Wczoraj selekcjoner piłkarskiej reprezentacji Polski ogłosił skład kadry na zgrupowanie na Cyprze (28 stycznia - 7 lutego). Zdradził też szczegółowy plan przygotowań biało-czerwonych do EURO 2008. A chwilę później popędził na galę tygodnika "Wprost", na której odebrał nagrodę dla Człowieka Roku.
- Jeszcze kiedy się dowiedziałem, że jestem nominowany, pomyślałem, że to przesada. Przecież to tylko sport, a ja po prostu wykonuję swoją pracę - dzieli się wrażeniami Beenhakker. - Z drugiej jednak strony wiem, jak duży wpływ na samopoczucie Polaków wywierają wyniki piłkarskiej reprezentacji. I co tu dużo gadać, czuję się zaszczycony.
Czy Beenhakker zasłużył na nagrodę? Cóż, na każdym kroku udowadnia, że jest nie tylko świetnym szkoleniowcem, ale też wspaniałym człowiekiem. Choćby teraz, kiedy przebaczył swojemu byłemu asystentowi Dariuszowi Dziekanowskiemu. "Dziekan", który stracił posadę przez problemy z alkoholem, wraca do sztabu reprezentacji.
- Każdy zasługuje na drugą szansę - komentuje Leo. - Przed EURO czeka nas mnóstwo pracy, więc przyda się pomoc Darka.
Beenhakker liczy też na pomoc trenera Legii, Jana Urbana.
- Przed mistrzostwami będzie monitorować i rozpracowywać naszych rywali - zdradza.
Jeszcze większe emocje niż powrót "Dziekana" wzbudza powołanie Artura Wichniarka. Napastnik Arminii zagra 6 lutego z Czechami.
- Obserwowaliśmy go od dawna i swoją grą zasłużył na szansę - mówi Leo.

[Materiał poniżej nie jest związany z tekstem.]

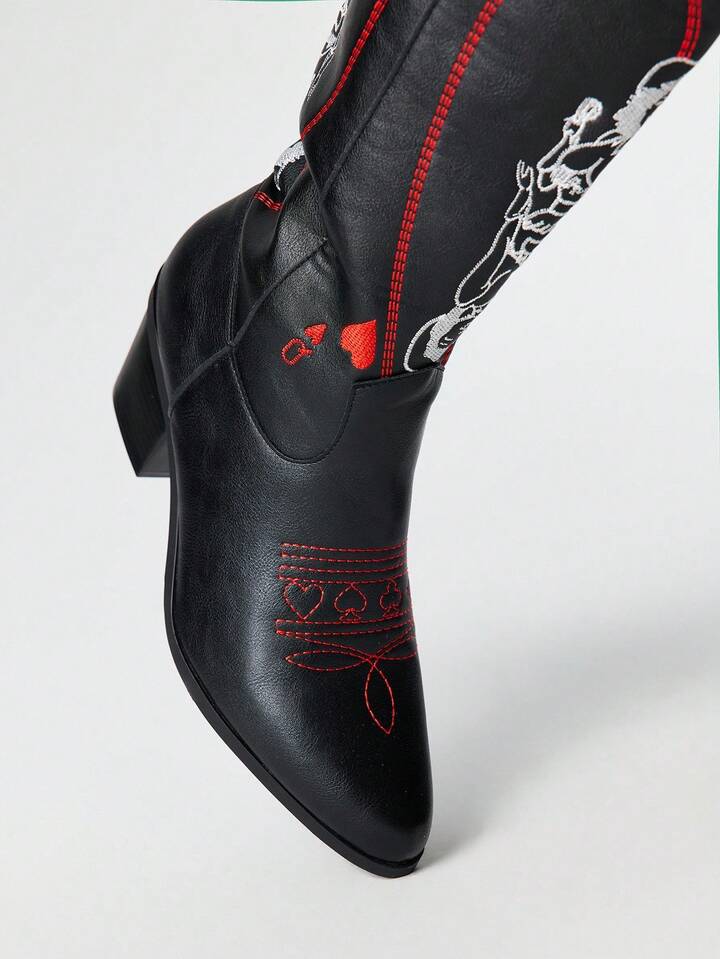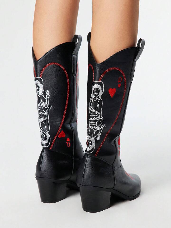 Goth Botas altas con diseño hueco de alas de mariposa bordadas, nuevas botas de primavera/otoño hasta el muslo
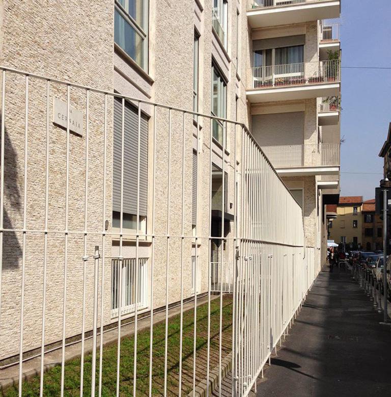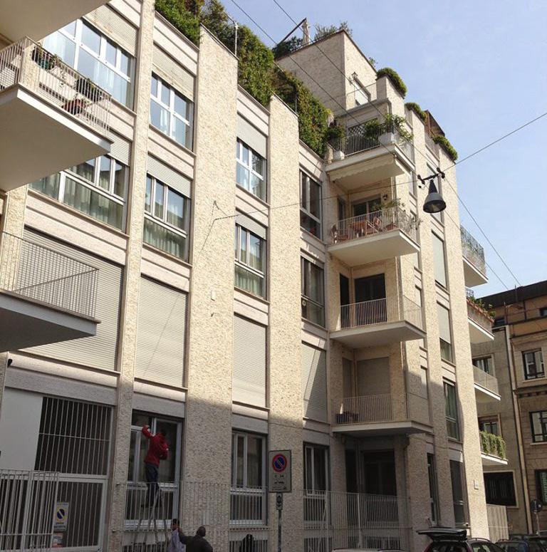 Das Condominio wurde 1948 von den Architekten Mario Asnago und Claudio Vender als Rekonstruktion eines durch den Krieg zerstörten Gebäudes entworfen. Das Gebäude zeichnet sich durch eine klare und funktionale Architektur aus, die typisch für die Nachkriegszeit ist. Die Fassade zur Piazza Sant‘Ambrogio hin ist mit Travertinplatten verkleidet, die so zugeschnitten sind, dass die Fugen mit den Fenstermaßen übereinstimmen. Dieses Detail sorgt für eine rhythmische und harmonische Fassadengestaltung. Die Fenster sind mit Eichenholzrahmen ausgestattet, was sowohl ästhetisch ansprechend als auch funktional ist. Eine horizontale Fascia marcapiano zwischen dem ersten und zweiten Stockwerk unterstreicht die horizontale Gliederung des Gebäudes. Der Haupteingang wird durch ein leicht eingezogenes, bogenförmiges Portal hervorgehoben, das aus dem gleichen Travertinmaterial wie die Fassade besteht. Zusätzlich gibt es eine Garage, deren Zufahrt durch ein schlichtes, in einem dezenten Farbton gehaltenes Tor verborgen ist, das sich nahtlos in die Fassadengestaltung einfügt.

Wichniarek gra regularnie. Niestety, nie można tego powiedzieć o wielu naszych kadrowiczach, m.in. Maćku Żurawskim, który może spędzić kolejne pół roku na ławce Celticu.
- To problem, ale najwyżej będę musiał monitorować jego formę, być w stałym kontakcie z jego trenerem, opracowywać mu dodatkowe zestawy ćwiczeń. Praca nie jest łatwa, ale potem można zostać Człowiekiem Roku - śmieje się Leo.